### [WORK REQUEST]
An exact copy of each line below is needed, with no images in it.

(DATA FOR ANALYSIS Opens)

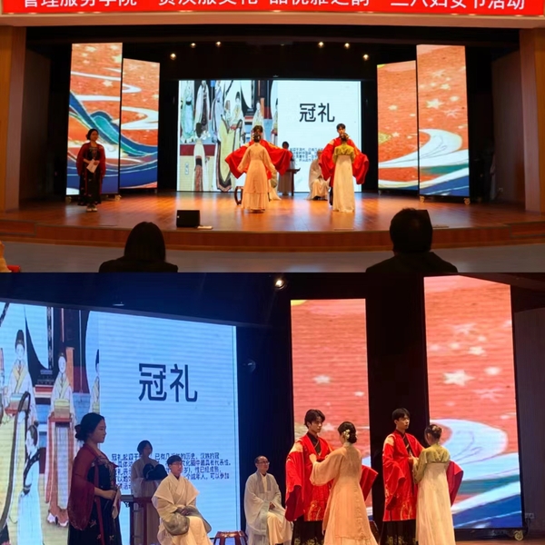 “阳春三月莺恰啼,芳菲绘彩蝶蹁跹”,伴随着和煦的春风,我们迎来了第113个“三八”妇女节。为传承中华传统文化,展巾帼芳华,3月8日管理服务学院开展了以“赏汉服文化 品优雅之韵”为主题的“三八”妇女节活动。校党委委员、纪委书记陈继平,校党委委员、组织部长、校妇联主席高润霞,校妇联副主席朱宜娟应邀出席活动,管理服务学院党总支书记、院长陈颖携班子成员、师生代表等200余人参加了活动。
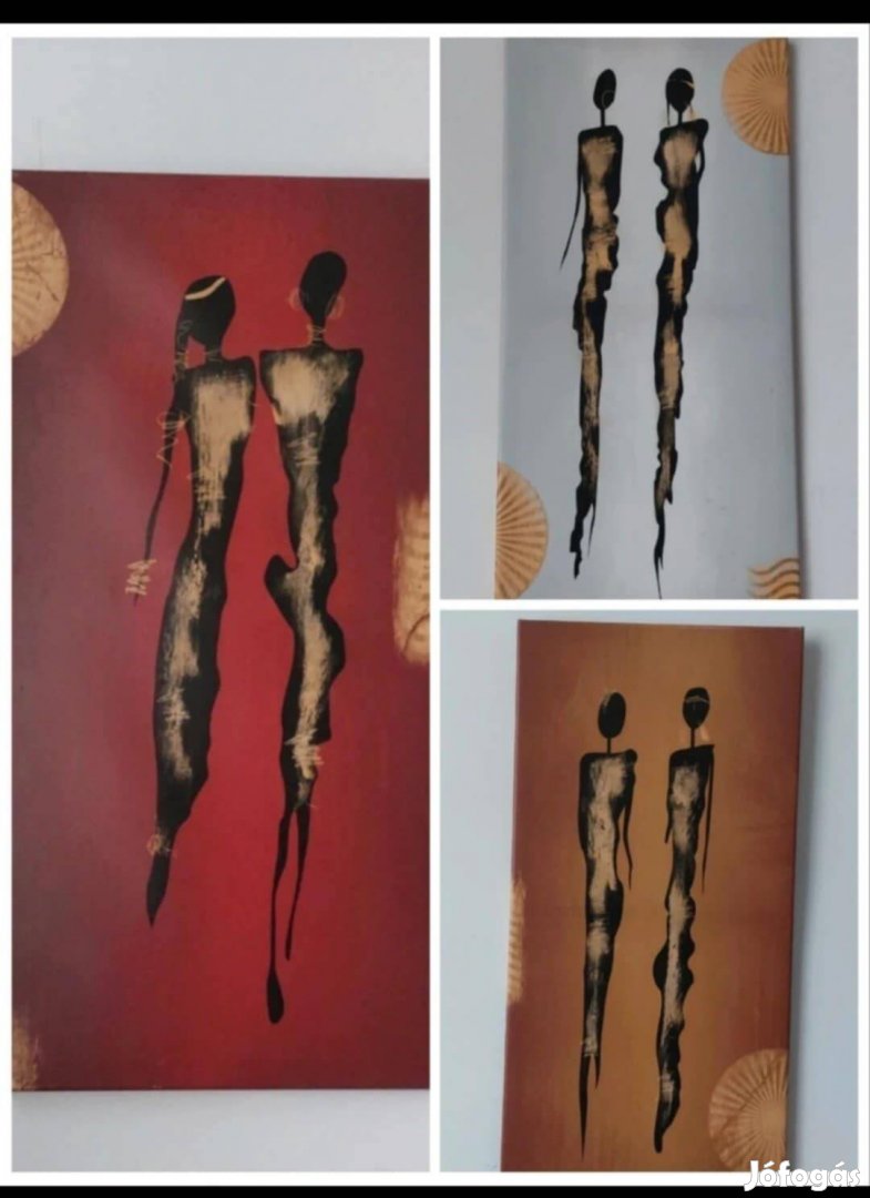 Afrikai stílusú,absztrakt női alakos feszített vászon keretes falikép. Mérete darabonként 40x80 cm. Minőségi termék, nem Temus, itthon lakberendezési üzletben vásároltan. Csak személyes átvétel a 13. Kerületben,mérete miatt nem tudom postázni.
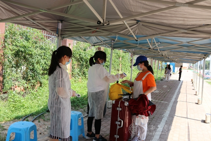 學子們陸續(xù)前來報到了,只見他們帶著行李,戴著口罩,踏進安置在校門口的帳篷中,根據(jù)地上貼好的指示標識,按1.5米間隔排隊等待著。在秩序引導員的指引下,先由工作人員對他們測量體溫,隨后行李消殺員對其行李進行消殺,同學們再來到“口罩換取點”,取掉原口罩,放進“口罩專用丟棄箱”,用免洗消毒液給雙手消毒,自取一個學院配發(fā)的新口罩戴上,隨后有序排隊到“第一次測溫點”測溫。
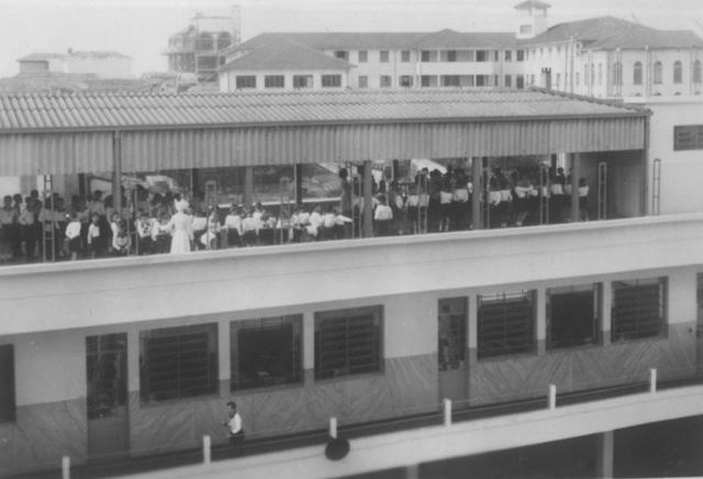 Foto do pátio superior do então Externato São Vicente de Paulo, onde vemos diversos alunos. Os alunos estão uniformizados e algumas mulheres adultas estão com eles; à esquerda, vemos uma freira usando hábito e corneta. O pátio possui as laterais envoltas de rede, e é coberto por telhas. No andas de baixo, vemos portas e janelas da salas de aula, e um aluno passando pelo corredor externo. Ao fundo, vemos o prédio do então Seminário da Penha, e atrás dele, a Basílica Nossa Senhora da Penha ainda em construção.
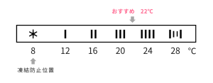 最初はボイラー温度を40℃前後に、パネルヒーターの目盛りは中央に設定しましょう。
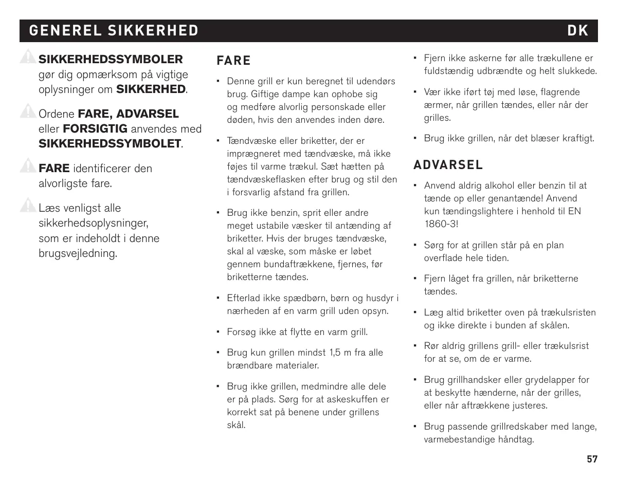 + Ne retirez pas les cendres tant que le charbon n'a pas entièrement brûlé et n'est pas complètement éteint.
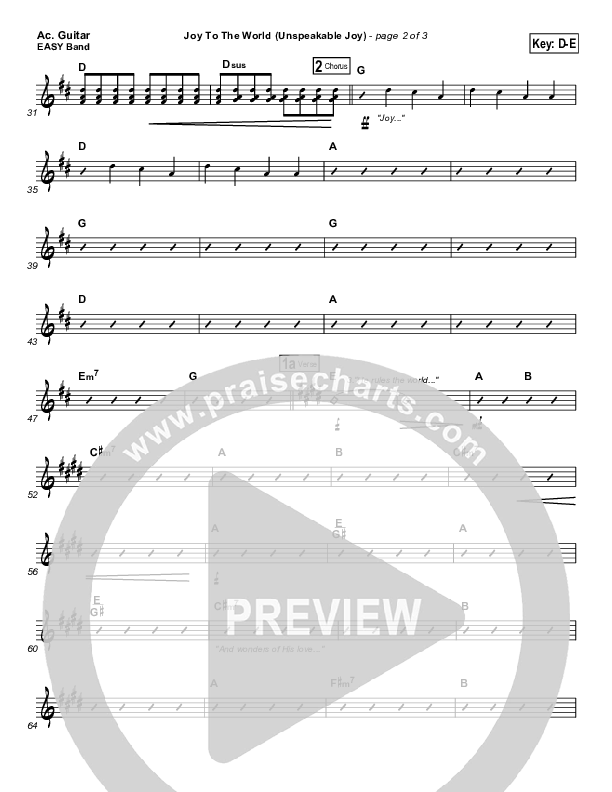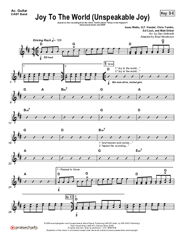 Download the Acoustic Guitar sheet music for Joy To The World (Unspeakable Joy) by Chris Tomlin, from the album Glory In The Highest: Christmas Songs of Worship. This song was arranged by Daniel Galbraith in the key of C, D.
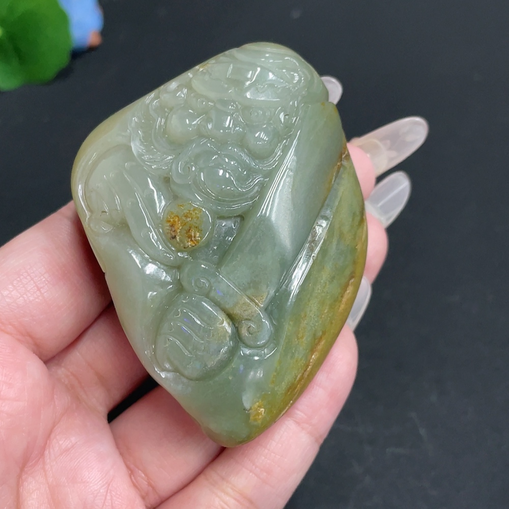 Trezaar - Hetian Jade Handheld Piece - Zhong Kui - Undetermined Skin Color Origin - Total Weight Approx. 135.7g
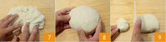 Transfer the dough to a lightly oiled work surface and continue working it 7 to obtain a smooth and soft dough 8. Divide the dough into 10 parts, each weighing about 2.8 oz 9.

(DATA FOR ANALYSIS Closes)

### [WRITTEN SOLUTION]
 “阳春三月莺恰啼,芳菲绘彩蝶蹁跹”,伴随着和煦的春风,我们迎来了第113个“三八”妇女节。为传承中华传统文化,展巾帼芳华,3月8日管理服务学院开展了以“赏汉服文化 品优雅之韵”为主题的“三八”妇女节活动。校党委委员、纪委书记陈继平,校党委委员、组织部长、校妇联主席高润霞,校妇联副主席朱宜娟应邀出席活动,管理服务学院党总支书记、院长陈颖携班子成员、师生代表等200余人参加了活动。
 Afrikai stílusú,absztrakt női alakos feszített vászon keretes falikép. Mérete darabonként 40x80 cm. Minőségi termék, nem Temus, itthon lakberendezési üzletben vásároltan. Csak személyes átvétel a 13. Kerületben,mérete miatt nem tudom postázni.
 學子們陸續(xù)前來報到了,只見他們帶著行李,戴著口罩,踏進安置在校門口的帳篷中,根據(jù)地上貼好的指示標識,按1.5米間隔排隊等待著。在秩序引導員的指引下,先由工作人員對他們測量體溫,隨后行李消殺員對其行李進行消殺,同學們再來到“口罩換取點”,取掉原口罩,放進“口罩專用丟棄箱”,用免洗消毒液給雙手消毒,自取一個學院配發(fā)的新口罩戴上,隨后有序排隊到“第一次測溫點”測溫。
 Foto do pátio superior do então Externato São Vicente de Paulo, onde vemos diversos alunos. Os alunos estão uniformizados e algumas mulheres adultas estão com eles; à esquerda, vemos uma freira usando hábito e corneta. O pátio possui as laterais envoltas de rede, e é coberto por telhas. No andas de baixo, vemos portas e janelas da salas de aula, e um aluno passando pelo corredor externo. Ao fundo, vemos o prédio do então Seminário da Penha, e atrás dele, a Basílica Nossa Senhora da Penha ainda em construção.
 最初はボイラー温度を40℃前後に、パネルヒーターの目盛りは中央に設定しましょう。
 + Ne retirez pas les cendres tant que le charbon n'a pas entièrement brûlé et n'est pas complètement éteint.
 Download the Acoustic Guitar sheet music for Joy To The World (Unspeakable Joy) by Chris Tomlin, from the album Glory In The Highest: Christmas Songs of Worship. This song was arranged by Daniel Galbraith in the key of C, D.
 Trezaar - Hetian Jade Handheld Piece - Zhong Kui - Undetermined Skin Color Origin - Total Weight Approx. 135.7g
 Transfer the dough to a lightly oiled work surface and continue working it 7 to obtain a smooth and soft dough 8. Divide the dough into 10 parts, each weighing about 2.8 oz 9.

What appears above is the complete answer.